After Jacob was ordained in 1946, he was offered a position as assistant rabbi at Sinai Temple. It was there that Marjorie realized she “could do things as the wife of the rabbi,” so she started with the sisterhood. Through the Women's League for Conservative Judaism, she extended the Torah Fund, a scholarship program for rabbinical students at JTS to benefit students at the University of Judaism.
“I knew that I had certain leadership skills, and I knew how to speak. People would come to me and ask me to do things,” Pressman said.
Pressman's real opportunity to lead came when her husband was invited to re-invigorate a fledgling synagogue called Olympic Jewish Temple and Center. It had 200 families at the time, and under the Pressmans, that number grew to 1,300 and the name changed to Temple Beth Am. There, Pressman expanded programming to include art shows, speaking events for authors and celebrity concerts with the likes of Theodore Bikel, Michael Feinstein and Alan King. She used those events to attract people to the synagogue, and when she had them hooked, she started to fundraise.
“I know that there were some rabbis' wives who thumbed their noses at me because I was doing fundraising,” she said. “Rabbis' wives who worked thought you had to be a teacher — that was your role.”
Pressman had different ambitions. In 1972, she spearheaded an event called Israel Expo West, a six-day Israel culture fair, that put Israel at the forefront of the temple's priority list. She engaged some of the temple's biggest donors and lured some from other synagogues. On the eve of Israel's 25th anniversary, Beth Am opened its doors to 50,000 people for six days of programming, the product of a thousand-member committee, with ties to every local organization affiliated with Israel. The event raised enough money to create the first emergency room at Tele Shomer Hospital in Israel, now the Chaim Sheba Medical Center, and is clearly Pressman's greatest source of pride.
With a sly smile, she recalls how she also ruffled more than a few feathers with fashion statements. There was the time she drew gasps when she first colored her hair, or when she wore the synagogue's first-ever pants suit to Rosh Hashanah services.
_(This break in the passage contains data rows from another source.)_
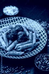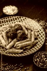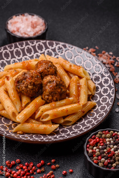 Penne pasta with meatballs in tomato sauce with salt and spices. Italian food penne pasta
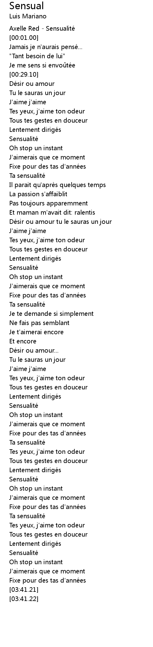 | [03:22.44] | Tes yeux, j'aime ton odeur |
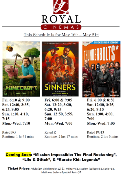 This Week’s Showtimes at Royal Cinemas as of May 16th
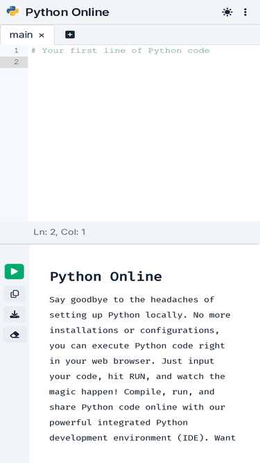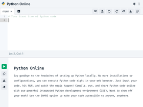 89%Run Python code online with our advanced, user-friendly Python compiler, editor, and IDE. Experience seamless coding in your browser.
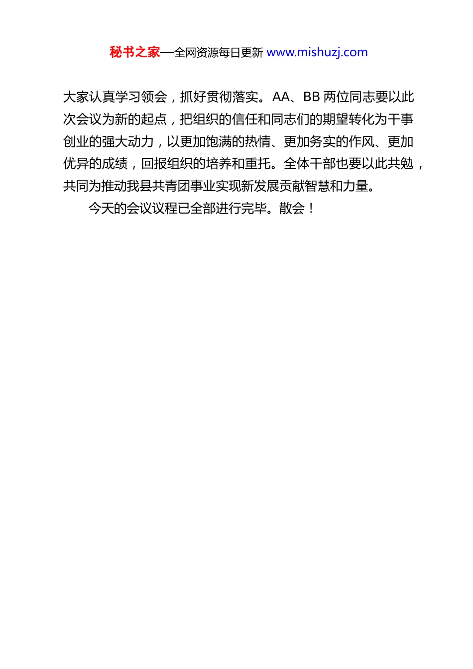秘书之家—全网资源每日更新 www.mishuzj.com团县委副书记在新提任干部表态会上的主持词同志们:现在开会。根据安排,今天我们在这里召开团县委新提任干部表态会议。本次会议的主要议程有两项:一是请新提拔的 AA、BB 同志依次作表态发言;二是请团县委书记 XX 同志讲话。首先,进行会议第一项议程,请新提拔的 AA 同志作表态发言。大家欢迎。(AA 同志发言毕)下面,请新提拔的 BB 同志作表态发言。大家欢迎。(BB 同志发言毕)刚才,AA、BB 两位同志分别作了表态发言。发言态度端正、认识到位,展现了新岗位上的新思考和新决心。希望两位同志牢记今天的承诺,尽快转换角色,履职尽责,在新起点上展现新作为。下面,进行会议第二项议程,请团县委书记 XX 同志讲话。大家欢迎。(书记讲话毕)同志们,刚才 XX 书记的讲话,既对两位新提任同志表示了祝贺、提出了殷切希望和明确要求,也对我们全体干部进一步做好共青团工作、加强自身建设具有重要的指导意义。希望秘书之家—全网资源每日更新 www.mishuzj.com大家认真学习领会,抓好贯彻落实。AA、BB 两位同志要以此次会议为新的起点,把组织的信任和同志们的期望转化为干事创业的强大动力,以更加饱满的热情、更加务实的作风、更加优异的成绩,回报组织的培养和重托。全体干部也要以此共勉,共同为推动我县共青团事业实现新发展贡献智慧和力量。今天的会议议程已全部进行完毕。散会!
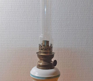 Lampe à huile, faïence peinte, très bon état Hauteur totale 45 cm Hauteur corps peint 15 cm, diamètre max. 10,5 cm Longueur cylindre verre 25 cm, diamètre cylindre 2,5 cm
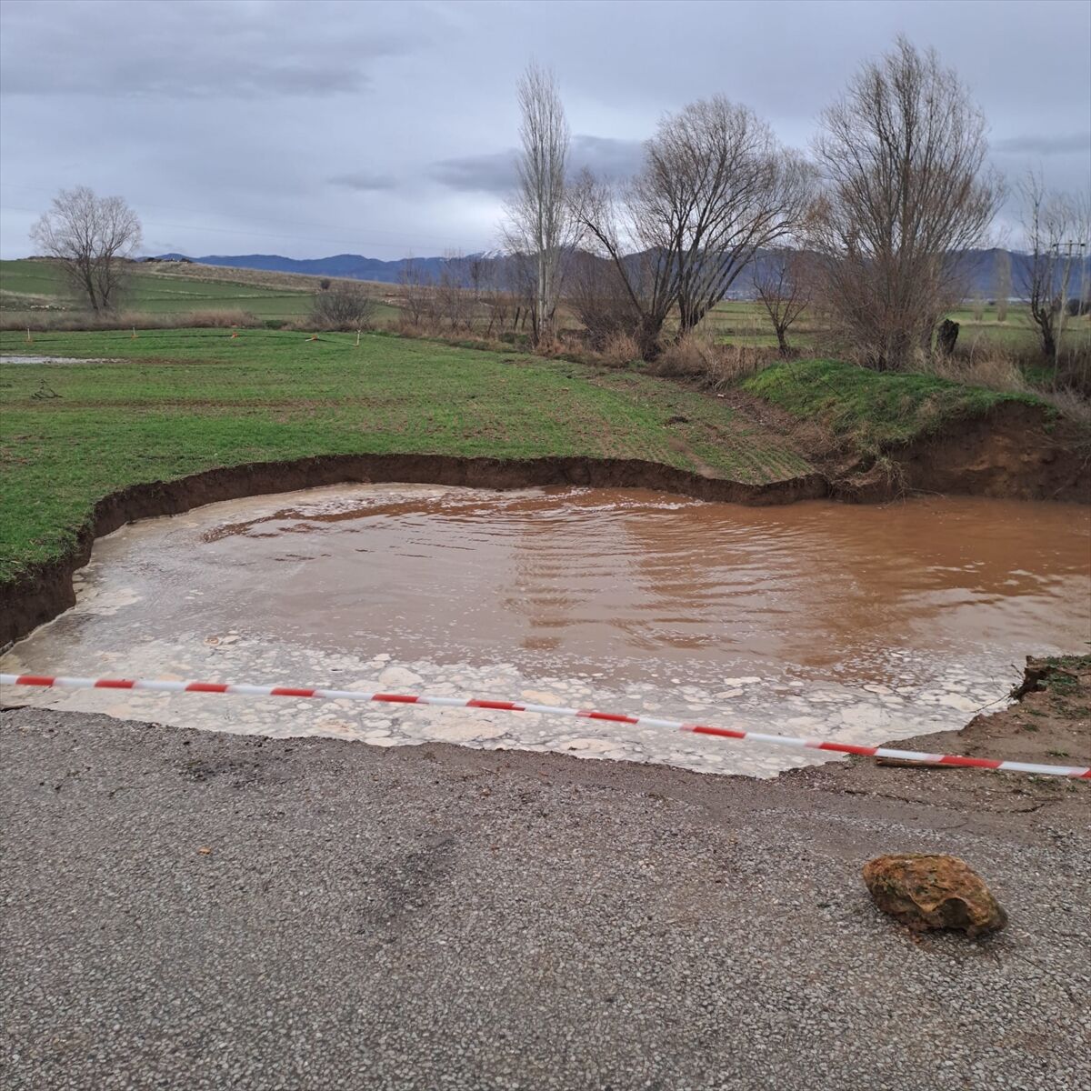 Hüdai Kaplıcaları ile Örenkaya arasındaki ara yola yakın noktadan geçen dere yatağında çökme meydana geldi ve çöken alanda su birikintisi oluştu, etrafındaki tarım arazisi zarar gördü. Bölgede güvenlik önlemi alan İlçe Jandarma Komutanlığı ekipleri de ara yolu trafiğe kapattı.

“I was very nervous, but I did it as a statement,” she said. “I didn't have a role model; I created my own role. I did what I wanted to do, not what people expected me to do.”
Even though she was constantly scrutinized and judged, Pressman said she values her friendships with congregants above all. She wasn't afraid to let people in and see the interior of her life. This attitude is considered unconventional today, when many public figures crave privacy.
“If I couldn't be friends with congregants, I wouldn't have any social life,” Pressman said. “People are sometimes reluctant to socialize with the rabbi, but I enjoy being with people so much that I never feel imposed upon.”
Yet she defends others in her role who do things differently: “When I used to go out and speak to sisterhoods, invariably, some man would come up to me and say, 'We wish our rebbetzin would do the same things you do,' and I would stop them, and I would say, 'Look, you hired your rabbi; you didn't hire his wife.'”
Pressman believes a rabbi/rebbetzin team is an asset, though she does not think it's crucial for a healthy synagogue. Her husband might disagree:
“I have said publicly that we are interchangeable parts. She was a tremendous influence and power in the building of the synagogue — a rabbi's wife par excellence — and I have said, if I have achieved anything in life, it's because she was my partner.,” Rabbi Pressman said. “Any other girls I might have married wouldn't have made it. If I wouldn't have ever met her….” his voice trails off.
“You wouldn't be a rabbi,” his wife said, finishing his sentence.